Other teams have drafted a quarterback to replace their incumbent starter, but there's almost always a good reason. Just look at guys like Andy Dalton or Eli Manning or Joe Flacco or Alex Smith when he was in Kansas City. The Bengals and Chiefs had reached their ceilings with Dalton and Smith, so it made sense to bring in another quarterback. Manning was clearly at the end of his career, so finding his replacement was something the Giants were smart to do. Flacco seemed to be getting worse every year, so taking Lamar Jackson made sense. As for Rodgers, he was one game away from the Super Bowl last year, but the Packers still added Love, and they added him even though two of the most intelligent coaches in the NFL -- Bill Belichick and Sean Payton -- both passed on him, which could be viewed as telling. 

Of course, let's say this pick pans out. The problem with that is that if Love wins the job at some point over the next two seasons, well, that doesn't help the Packers either. If that happens, the Packers will be taking a huge cap hit to get rid of Rodgers, who has a $31.6 million in dead cap if he gets cut in 2021 and $17.2 million dead cap hit in 2022. 

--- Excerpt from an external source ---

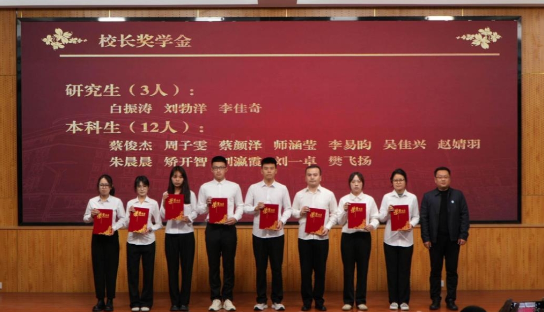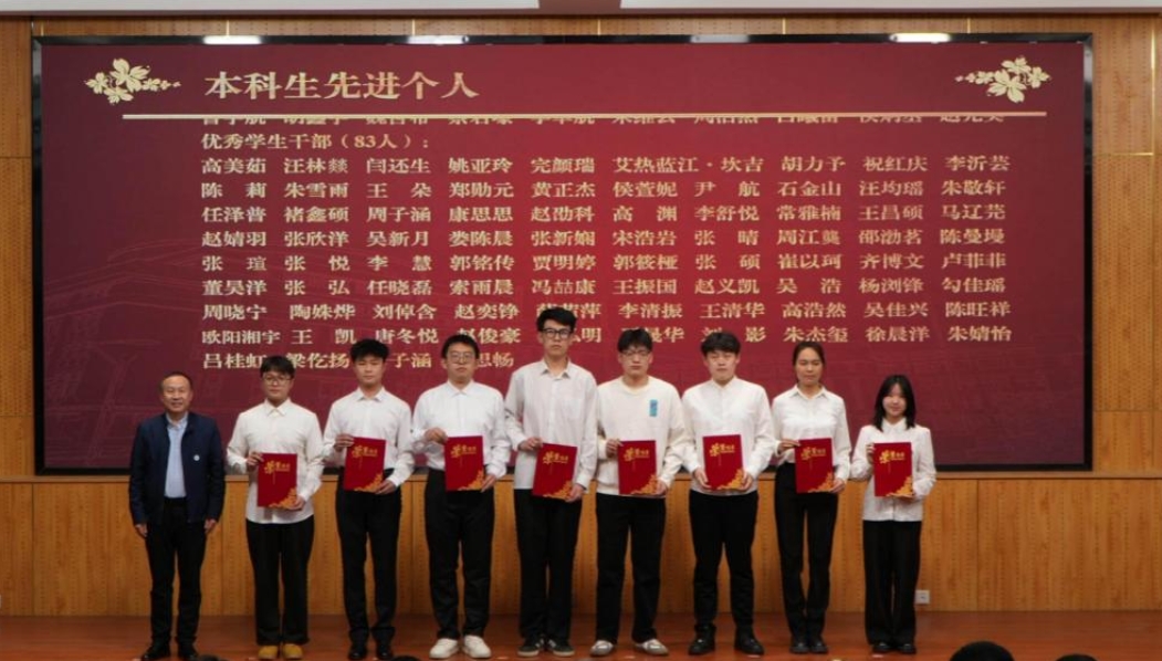 公司党委员工工作部部长赵静、公司经理胡笑涛为“先进班集体”“优良学风示范班”“学风建设成效班”获奖班级代表颁奖
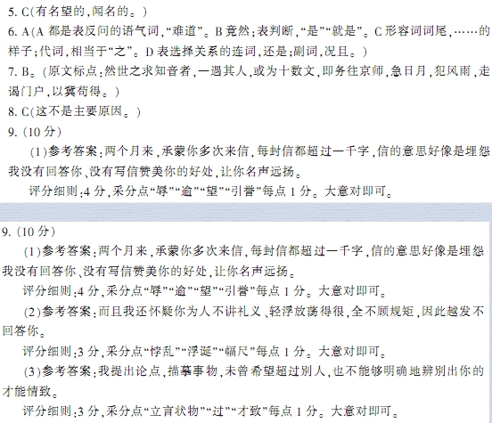 复杜温夫书① 柳宗元 二十五日,宗元白:两月来,三辱生书,书皆逾千言,意若相望仆以不对答引誉者。然仆诚过也。而生与吾文又十卷,噫!亦多矣。文多而书频,吾不对答而引誉,宜可自反。而来征不肯相见,亟拜亟问,其得终无辞乎? 凡生十卷之文,吾已略观之矣。吾性骏滞②,多所未甚谕,安敢悬断是且非耶?书抵吾必曰周、孔,周、孔安可当也7拟人必于其伦,生以直躬见抵,宜无所谀道,而不幸乃曰周、孔,吾岂得无骇怪?且疑生悖乱浮诞,无所取幅尺,以故愈不对答。来柳州,见一刺史,即周、孔之;今而去吾,道连而谒于潮,之二邦,又得二周、孔;去之京师,京师显人为文词、立声名以千数,又宜得周、孔千百。何吾生胸中扰扰焉多周、孔哉! 吾虽少为文,不能自雕斫③,引笔行墨,快意累累,意尽便止,亦何所师法?立言状物,未尝求过人,亦不能明辨生之才致。但见生用助字不当律令,唯以此奉答。所谓乎、欤、耶、哉、夫者,疑辞也;矣、耳、焉、也者,决辞也。今生则一之。宜考前闻人所使用,与吾言类且异,慎思之则一益也。庚桑子言藿蝎鹄卵④者,吾取焉。道连而谒于潮,其卒可化乎?然世之求知音者一遇其人或为十数文即务往京师急日月犯风雨走谒门户以冀苟得。今生年非甚少,而自荆来柳,自柳将道连而谒于潮,途远而深矣,则其志果有异乎?又状貌嶷然类丈夫,视端形直,心无歧径,其质气诚可也,独要谨充之尔。谨充之,则非吾独能,生勿怨。亟之二邦以取法,时思吾言,非固拒生者。孟子曰:“余不屑之教诲也者,是亦教诲而已矣。”宗元白。 【注释】①杜温夫,元和十四年自荆州来柳州,三次致书柳宗元,希望得到柳宗元的延誉。②騃(aí)滞:愚笨迟钝。③雕斫,刻意修饰文辞。④藿(huò)蝎(shǔ)鹄卵:藿蝎,生长在豆类植物上的毛虫;鹄卵,鹤之卵,形体较大。 5.对下列句子中加点词语的解释,不正确的一项是 6.下列各组句子中.加点词的意义和用法相同的一组是 7.给文中加波浪线的句子断句,正确的一项是 8.下列对原文有关内容的理解和分析.不正确的一项是 他的严肃批评。 9.把文中画横线的句子翻译成现代汉语。(10分) 参考答案 ![]() 【参考译文】 二十五日,宗元启:两个月来,承蒙你多次来信,每封信都超过一千字,信的意思好像是埋怨我没有回答你、没有写信赞美你的好处,让你名声远扬。这样讲确实是我的过错。而你又给我寄来十卷文章,唉呀!也够多了。文章寄得很多而书信写得频繁,我没有回答你,没有赞美你、让你名声远扬,你也应该自己反省一下。可你却来问我不肯和你相见的原凶,你多次来拜访、多次来询问,难道最后我连一句回答的话都没有吗? 你的十卷文章,我已简略看了一下。我这个人天性呆笨,对你的文章许多地方都不太懂,怎么敢凭空推断它们是好还是不好呢?信巾写到我,总是把我称为周公、孔子,周公、孔子,我怎么能称得上呢?比拟人一定要用和他同类的人来作比,你可以直率地把想法告诉我,不应该说一些奉承的话。可是不幸得很,你竟然用周公、孔子来称呼我,我怎能不感到惊奇呢?而且我还怀疑你为人不讲礼义、轻浮放荡得很,全不顾规矩,凶此越发不回答你。你来到柳州,见到一个刺史,就把他称为周公、孔子;现在要离开我,途经连州而到潮州,去拜访那儿的刺史,到了那两个地方,又得到了两位周公、孔子。到了京城,京城里那些有地位的人因为会写文章而建立了名声的数以千计,又该得到千百个周公、孔子了,为什么你胸中乱纷纷地有那么多周公、孔子呢? 我虽然很少写文章,自己不会修饰文词,但挥笔写作时,只觉得痛快的感受累累不断,意思表达完了就放下笔,又哪里效法过什么呢?我提出一种论点,描摹一件事物,未曾希望超过别人,我也不能够明确地辨别出你的才能情致如何。只是见到你用助字,不合语法,只能就这一点来回答你。我们所说的乎、欤、耶、哉、夫等字,都是表示疑问语气的虚字;矣、耳、焉、也等字是表示肯定语气的虚字。现在你却把它们当作一回事。你应该考察一下,从前有名声的人使用助词的方法和我所讲的有哪些相同,有哪些不同,慎重地思考一番就会有一定的收获。庚桑子说土蜂变不成豆叶上的大青虫,小鸡不能孵天鹅下的蛋,我同意他的看法。你路经连州到潮卅去拜访那里的刺史,难道最后就能变化了吗?然而,如今世上一些寻求知己的人,一遇到知己,有的写了十几篇文章,就一定要到京城去,急忙抢时间,冒着风雨,跑着去拜访高门大户,指望苟且得到好处。如今你年纪不是很小,而从荆州来到柳州,还将从柳州到连州、潮州去拜访那里的刺史,道路十分遥远,那么你的志向果真和别人不同吗?又见你形态魁梧像个大丈夫,眼神端正、身躯正直,心地单纯,没有杂念,你的气质确实是好的,只是慎重地充实自己就是了。而慎重地充实你的心胸,那又不是我独自能做得到的,你不要埋怨我。赶快到连州、潮州去学习作文的方法,时常想想我讲的话,并不是我要坚持拒绝你的要求。孟子说过:“我不屑于去教诲他,这也是对他的一种教诲呢。”宗元启。

The cherry on top of this moldy Packers cheese sundae is the fact that it appears the Packers didn't even give Rodgers a heads up that they were going to draft a quarterback. 

Rodgers has been known to hold a grudge and there's a chance his relationship with the team could turn toxic if they did, in fact, select a quarterback in the first round without telling him. 

At this point, the Packers best way out of this situation is probably going to involve trading Rodgers. Due to his aforementioned dead cap hit, it's going to be nearly impossible to cut him, and he's not going to be a happy camper on the Packers' sideline if they ever try to bench him. 

By picking Love, the Packers did nothing to help their star quarterback for 2020. Instead, they're looking to their future and it's starting to feel like a future that Rodgers might not want to be a part of.